WHAT WE’RE READING THIS WEEK

  • In a report for the Brookings Institution, Anne Joseph O’Connell examines nominations requiring senatorial confirmation based on data from the past five presidents. O’Connell found that, since President Ronald Reagan took office, one-fifth of all nominees submitted to the Senate for confirmation to the more than 1,200 agency positions that require such approval, were not successful. One-third of President Barack Obama’s nominees were not confirmed. Further, on average,the Senate took three months to confirm nominations, but, for President Obama’s nominees, the average wait time increased to four months.
  • Integrated Regional Information Networks (IRIN) published an essay arguing that the U.S. remaining in the Paris Agreement could actually be detrimental to the environment. The article’s author observes that, under the Paris Agreement, the U.S. would be legally allowed “to modify or even scale down its emission reduction targets without breaching the agreement’s principles,” creating “dangerous precedent.” Countries in Africa and Asia might “welcome the opportunity to water down their pledges” to combat climate change. However, Saleemul Huq, a senior fellow working on climate change at the International Institute for Environment and Development (IIED), reportedly said of the United States, “Let them leave us and go in the opposite direction and let us move forward together.”

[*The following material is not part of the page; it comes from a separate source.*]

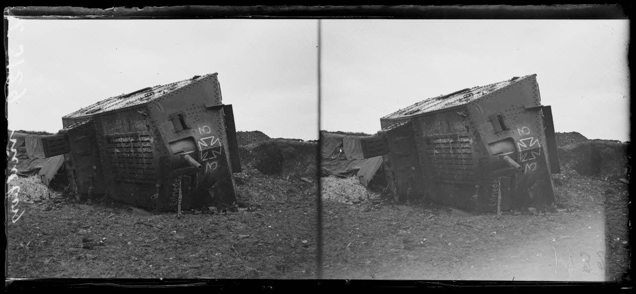 Est de Villers-Bretonneux, Somme, tank allemand renversé dans une carrière, balles perforantes françaises ayant traversé les aillières. [légende d'origine]
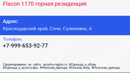 Flacon 1170, горная резиденция по адресу Краснодарский край, Сочи, Сулимовка, 6 в дальнейшем Организация, размещена в следующих категориях:

  • Writing for the Heritage Foundation, Justin Bogie argues against the increasing power of agencies, holding that “steps must be taken to restore” Congress’s spending power “and bring accountability back to the appropriations process.” Agencies do not have to rely on Congressional appropriations to use funds from “fines, fees, and proceeds from legal settlements, ” which amounted to $516 billion in 2015. Bogie praises the Agency Accountability Act of 2017, a bill introduced in the Senate and in the House, which would increase Congress’s alleged “diluted…oversight ability” by instructing agencies to give their funds to the U.S. Department of the Treasury and undergo the appropriations process.